Bu Fotoğrafa Şaşırmıyoruz

Bu sene salgının hala hüküm sürdüğü ve iktidarın bu bahane ile tüm 1 Mayıs hazırlıklarını yasaklamaya çalıştığı bir süreçten geçiyoruz. Her gün yüzlerce insan yaşamını yitiriyor. Ne aşılamayı tamamlamaya, ne temel önlemleri almaya gücü yeten iktidar yalnızca turizm patronlarını düşünerek tam kapanmaya gitmeyi planlıyor. İşçiler ise işyerlerinde virüsü kapmaya devam ediyor. Yani süreç kritik.

DİSK’in 2020 1 Mayıs’ında son anda kendi başına aldığı ‘Tek başıma Taksim’e çıkarım’ kararından sonra şimdiki kritik süreçte de 1 Mayıs tavrını gözlemliyorduk. Dün gündeme gelen bir toplantı bu tavrın düzelmektense iyice kötüleştiğini gösterdi.

Konfederasyon yönetimi 1 Mayıs hazırlık toplantılarına gerekçe bile göstermeden katılmazken, Süleyman Soylu ile Afet Eğitim İşbirliği Protokülü imzalamaya tam kadro gitmeye vakit bulabilmiş.

Ellerinde bir sözleşme tam tekmil fotoğrafta İçişleri Bakanıyla birlikte poz veriyorlar. Belli ki bu fotoğrafı çektirmekte hiç tereddüt etmemişler. Bir bahane öne sürmemişler, bir engel görmemişler. Zaten bizim gibiler de bu konfederasyon yöneticilerinin koltuklarını kıskandığımız için kötü düşünüyor ve yazıyoruz.

Bugünkü siyasi iktidar ve özellikle onun İçişleri Bakanı hepimizin malumu.

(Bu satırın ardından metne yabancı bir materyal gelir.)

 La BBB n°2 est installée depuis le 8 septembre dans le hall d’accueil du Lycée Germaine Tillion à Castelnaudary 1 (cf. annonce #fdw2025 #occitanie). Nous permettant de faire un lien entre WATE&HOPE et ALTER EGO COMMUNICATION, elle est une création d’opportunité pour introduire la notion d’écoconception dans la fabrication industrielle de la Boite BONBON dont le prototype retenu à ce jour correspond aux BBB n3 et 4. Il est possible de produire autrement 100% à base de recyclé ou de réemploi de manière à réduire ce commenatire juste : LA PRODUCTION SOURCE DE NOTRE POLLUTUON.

Rejimi faşizm, bu bakanları da faşizmin uygulayıcıları olarak yazan çizen çok var. Biz rejimin niteliği üzerine “kafa yorarak” değerlendirmeler yapıldığını düşünmüyoruz. Biraz da bunu tartışanların haline bakarak bunu düşünüyorduk. Pek haksız çıktığımız söylenemez.

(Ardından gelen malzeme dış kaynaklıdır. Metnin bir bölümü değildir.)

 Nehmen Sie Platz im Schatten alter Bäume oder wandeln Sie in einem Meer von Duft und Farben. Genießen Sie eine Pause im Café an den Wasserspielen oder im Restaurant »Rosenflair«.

Rejim “faşist” ama elinden afet yönetimi plaketi alabiliyorsun. İlginç... Rejim “kötücül” ama milletvekili olmak sorun değil. Tuhaf… Bizce bu anlatımların bir ciddiyeti uzun zamandır yok. Kendine ya konfederasyonlarda ya da seçilebileceği bir partide konum elde etmek isteyen insanların zaaflı davranışlarını dikkate almamalıyız. Ama bu onları yarın öbür gün yaptıkları “jenerik” davranışlarda da dikkate almayacağımız anlamına gelir.

Bu fotoğraf talihsiz bir fotoğraf değildir. Bu artık ayyuka çıkmış pozların fotoğraflarından biridir. Biz iftarlarda el açıp dua eden “komünistleri”, belediye başkanlarıyla kesilen açılış kurdelalarını, patron örgütleriyle sıkışılan elleri de gördük.

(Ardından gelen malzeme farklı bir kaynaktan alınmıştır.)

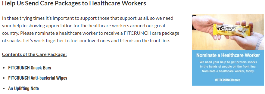 - Fitcrunch is offering a fitcrunch care package to healthcare workers that includes:
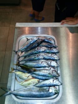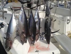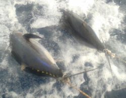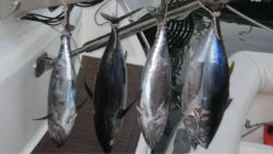 Onboard we have equipment for pretty big fish. We use fake plastic lures while searching for the feeding schools and fresh bait on social troll gear near the feeding frenzy area, with the largest equipment. Our crew is very knowledgeable about these kinds of fishing and usually, can find and catch the fish.

Hatayı sadece konfederasyon yönetiminde aramamak gerekir. Bu tavır, yıllardır gerçek siyasi mücadelenin yerine meslek örgütlerini, sendikaları öne sürmenin, onları bulduğu her fırsatta alkışlamanın, yağcılık yapmanın sonuçlarından biridir. Kendini “büyük Marksist” zanneden sendika kuyrukçuları yarın yine “eleştiriyoruz ama onlarsız olmaz” yazacaklar. Tam 1 Mayıs günü, onların en iyi günah çıkarma yöntemi olduğunu adları gibi bildikleri sembolik eylemlerine yapılacak polis saldırılarını, “faşizme karşı direniş” destanları olarak yazacaklar, yazacaklar, yazacaklar. Siz bir de o gün “faşizme” karşı mücadele nasıl verilirmiş görün.

Bizim bu parodiyle uzak yakın alakamız yoktur. İşçi sınıfının mücadele tarihiyle bu konfederasyonların adı dışında hiçbir ilişki görmüyoruz. Biliyorsunuz adıyla kendisinin hiçbir alakasının olmadığı ilk ve tek örnek bu konfederasyonlar değil. Nice partiler ve derneklerin tek propagandası ne kadar şanlı bir tarihe sahip olduklarını ispatlamaya çalışmakla geçiyor. Ama sonrasında yaptıkları “propaganda” filmlerinde kendilerine ait güncel tek bir eylem karesi bile koyamıyorlar. Her şey yalan ama fotoğrafları “havalı”.

Kimse merak etmesin yoldaşlar. İşçi hareketini bu eğilimlere teslim etmeye hiç niyetimiz yok. Devrimci siyasetin bayrağını nasıl taşıyorsak, kadın kurtuluş mücadelesini kitlelerle nasıl buluşturuyorsak, işçi hareketini de adım adım koordine etmekte kararlıyız. Bağırtıya, gürültüye de gerek yok. Bizim uzun yıllardır zaten bir beklentimiz yoktu. Yeni farkedenlere aramıza hoşgeldiniz diyoruz.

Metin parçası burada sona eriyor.